# Rating plate



## ThePrisoner (Jan 13, 2009)

Had a look at the rating plate on on the van this morn and it shows the following figures

4000
6500
1. 2100
2. 2400

Please explain please.

I also had the van on a weigh ridge and it came out at 3760. I have read on here soemwhere that you should weigh both axles but the guy said it was not possible for him to do this.


----------



## 91502 (May 1, 2005)

Hi
You maximum weight with all passengers water, fuel etc aboard is 4000kg.
Your Train weight MH+trailer is 6500kg
Front axel 2100kg
Rear axel 2400kg

So in current trim (as it stood on the weigh bridge) you have 240kg to play with.

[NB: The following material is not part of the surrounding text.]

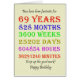 Carte de 69e anniversaire comptant les années, jours, mois, heures et minutes. Une carte pour réfléchir ! Les années bissextiles ont été prises en compte !

Some cannot or won't do separate axel weights but you should check to make sure.

James

PS does your licence cover you for over 3500kg?


----------



## Techno100 (May 8, 2010)

4000 is your gross weight 

1 is the maximum allowable weight on front axle
2 is the maximum allowable weight on rear axle
The sum of your axles must not exceed 4000kg

The other figure is you maximum train weight your van plus trailer


----------



## philoaks (Sep 2, 2008)

Total permitted weight of vehicle is 4000kg

Total permitted train weight (van + trailer) is 6500kg

Maximum permitted weight on front axle is 2100kg

Maximum permitted weight on rear axle is 2400kg

It should be possible to get a fairly accurate individual axle weight by driving onto the weighbridge and stopping with the front wheels on and the back wheels just off. Then drive forward until the front wheels are just off and the back wheels are on.

Edit: Clearly I don't type quickly enough :lol:


----------



## ThePrisoner (Jan 13, 2009)

Thanks for all your replies. As usual, all very helpful.

James.....I have the category on my licence to drive this weight. Passed my test many moons ago.


----------



## Techno100 (May 8, 2010)

Given the weight of 1 and 2 you should be able to up plate your van quite easily. Do you have 225 75 16 tyres?


----------